Measurements were also made by varying the amount of PBS. It has been observed that changing the amount of buffer did affect the activity, but did not cause any major reduction in it.

When bio-doped MoO₃ gels were prepared, it was observed that the enzyme retains its reactivity inside the sol-gel. The success of this step was vital for the synthesis of a resistive biosensor. The presence of the matrix consisting of the molybdenum oxide phase around the urease moleculdes is expected to greatly reduce the diffusion time of ammonia liberated from the hydrolysis of urea, to the metal oxide.

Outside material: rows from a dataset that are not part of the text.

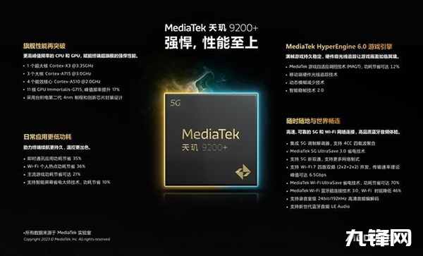天璣9200+采用臺積電第二代4nm工藝,八核CPU性能得到全方位提升,Cortex-X3超大核,主頻高達3.35GHz;Cortex-A715大核,主頻高達3.0GHz;Cortex-A510能效核心,主頻為2.0GHz;Immortalis-G715GPU,峰值頻率提升可達17%。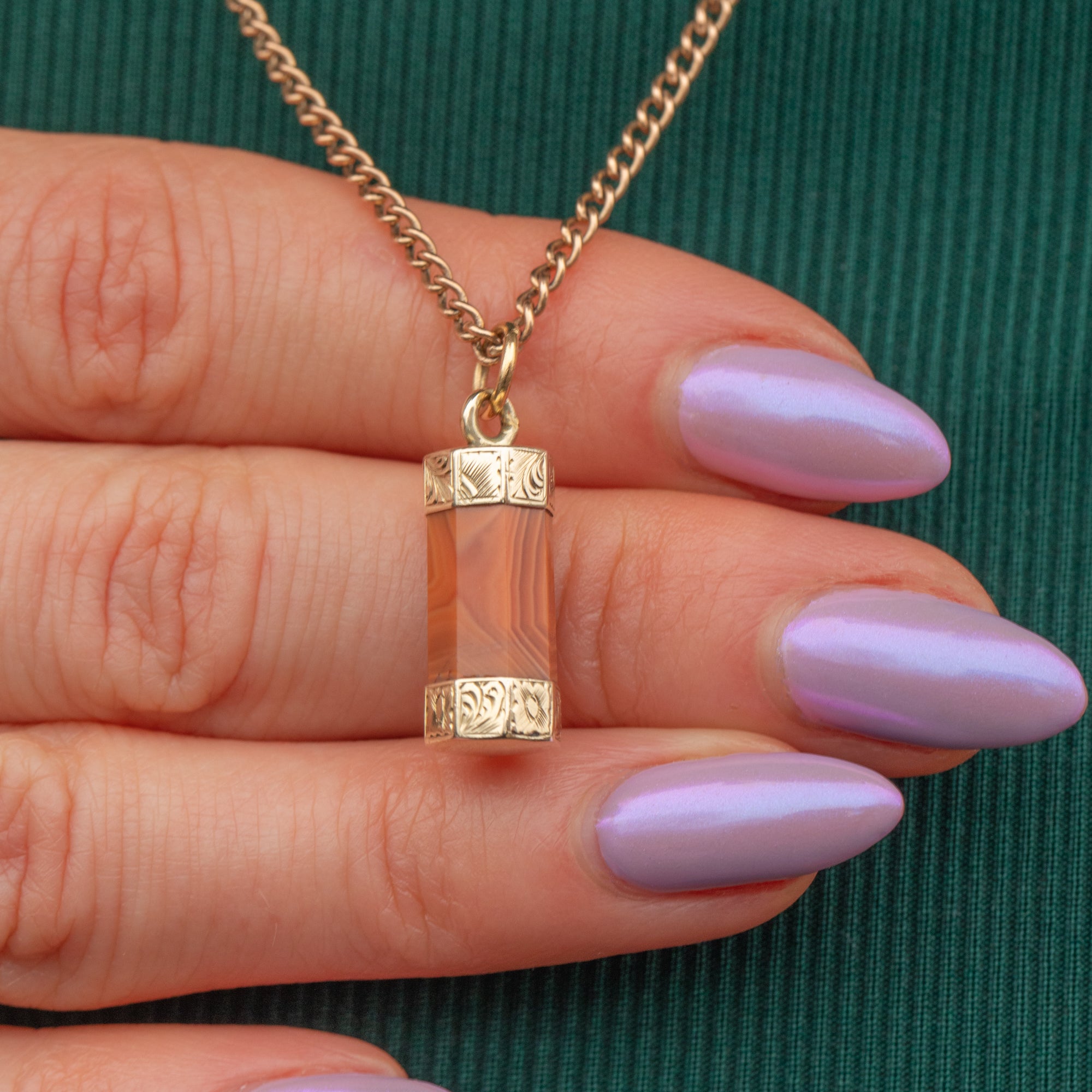 This beautifully crafted Georgian 9ct Gold Agate column charm will bring a sense of mystique to your collection! The Agate displays light striations of earthy, burnt umber hues that ripple through her striking faceted form.
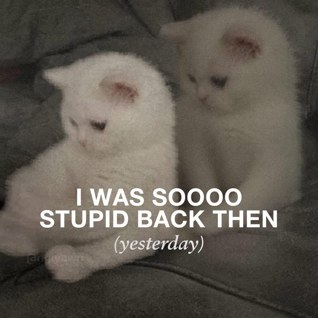 Two cute, sad-looking white kittens sit together as the text reads I was so stupid back then yesterday. This relatable meme captures feelings of regret.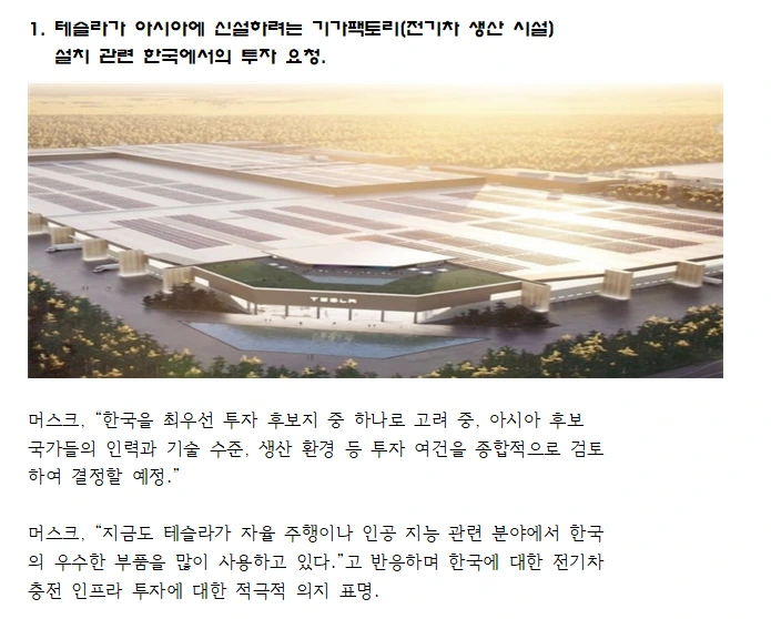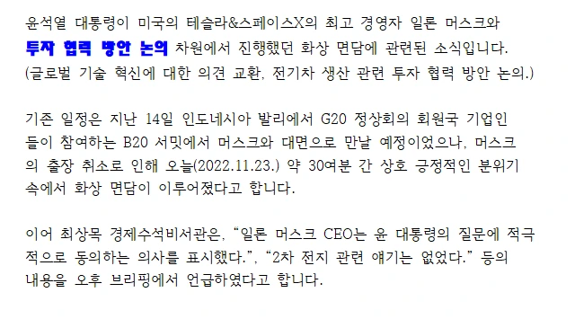 일론 머스크와 한국의 투자 협력 방안 논의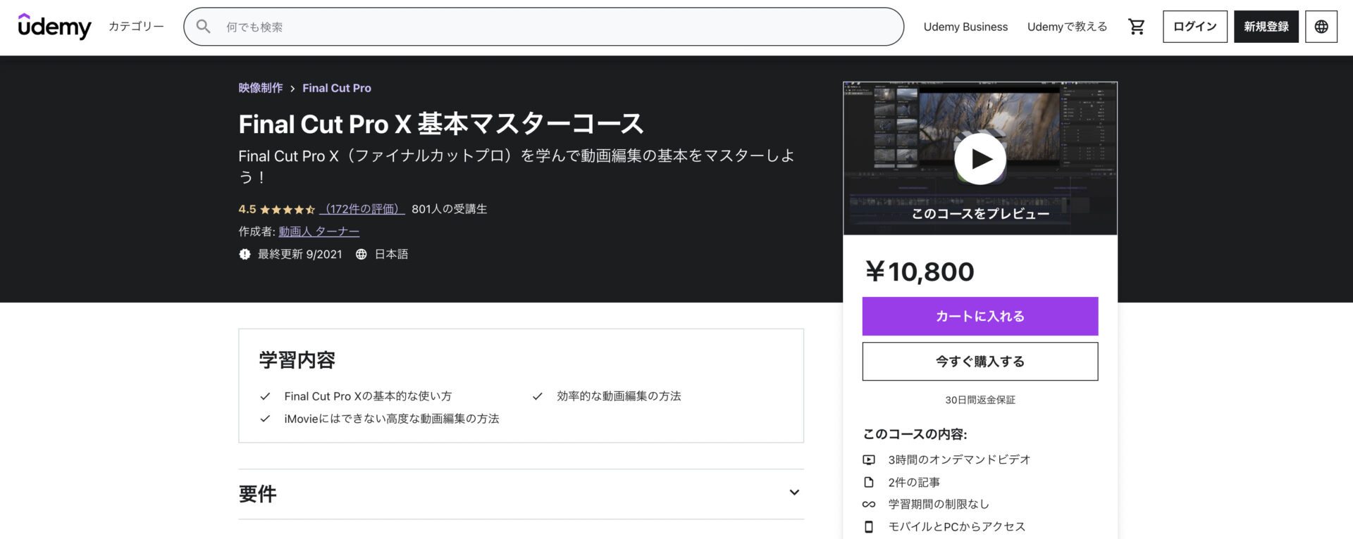 当然その中には、Final Cut Pro Xの講座もあり、講座を購入することで学習をすることができます。日本人による動画もあれば、海外の人のレクチャー動画もあるので、英語できる方などは海外の方の動画を購入してみるのも良いかもしれません。

The ammonia liberated can be detected in-situ, thus giving very fast response times.

While this invention has been particularly shown and described with reference to preferred embodiments thereof, it will be understood by those skilled in the art that various changes in form and details may be made therein without departing from the scope of the invention encompassed by the appended claims.

Claims

WHAT IS CLAIMED IS:

1. A process for preparing bio-composite oxide thin films comprising the steps of: (i) encapsulating an enzyme in sol-gel by adding molybdenum isopropoxide to a solution comprising butanol, PBS buffer and an enzyme solution;

(ii) subjecting the solution produced in step (i) to an ultrasonic motion for a time effective to produce an ultrasonic treated solution;

(iii) refrigerating said ultrasonic treated solution of step (ii) for a predetermined amount of time to produce a sol-gel comprising an encapsulated enzyme, bio- composite oxide thin film.

2. The process of claim 1, wherein the enzyme is urease.

3. A bio-composite sensor thin film comprising a biomolecular receptor entrapped within the pores of the matrix of said thin film, wherein said biomolecular receptor is an enzyme, and said matrix comprises a metal oxide.

4. The bio-composite sensor of claim 3 wherein said enzyme is urea and said metal oxide is sol-gel processed molybdenum trioxide.

5. Bio-doped molybdenum trioxide sol-gels, wherein said sol-gels comprise a multitude of pores, and wherein said pores contain biomolecular receptors entrapped therein.

6. The bio-doped sol-gels of claim 5 wherein said biomolecular receptors are selected from enzymes, bacteria, DNA, RNA, proteins, antibodies, cells that induce biochemical reactions with the analyte of interest resulting in the release of gases, and mixtures thereof.

7. The bio-doped sol-gels of claim 6 wherein said biomolecular receptor is an enzyme.

8. The bio-doped sol-gels of claim 7 wherein said enzyme is urease.

9. A medical diagnostic device comprising the bio-composite sensor of claim 3.

10. A bio-composite thin film produced in accordance with the process of claim 1.

11. A process for preparing bio-composite oxide thin films comprising a biomolecular receptor entrapped within the pores of the matrix of said thin film, said process comprising the steps of:

(iv) encapsulating a biomolecular receptor within a sol-gel by adding a polymorph selected from molybdenum isopropoxide or WO₃ to a solution comprising butanol, PBS buffer and a solution of said biomolecular receptor;

(v) subjecting the solution produced in step (i) to an ultrasonic motion for a time effective to produce an ultrasonic treated solution;

(vi) refrigerating said ultrasonic treated solution of step (ii) for a predetermined amount of time to produce a sol-gel comprising an encapsulated, bio-composite oxide thin film having biomolecular receptor entrapped within the pores of the matrix of said thin film.

12. The process of claim 11 wherein said biomolecular receptors are selected from enzymes, bacteria, DNA, RNA, proteins, antibodies, cells that induce biochemical reactions with the analyte of interest resulting in the release of gases, and mixtures thereof.

13. The process of claim 12 wherein said biomolecular receptor is an enzyme.

14. The process of claim 13 wherein said enzyme is urease.

15. The process of claim 11 wherein said polymorph is molybdenum isopropoxide.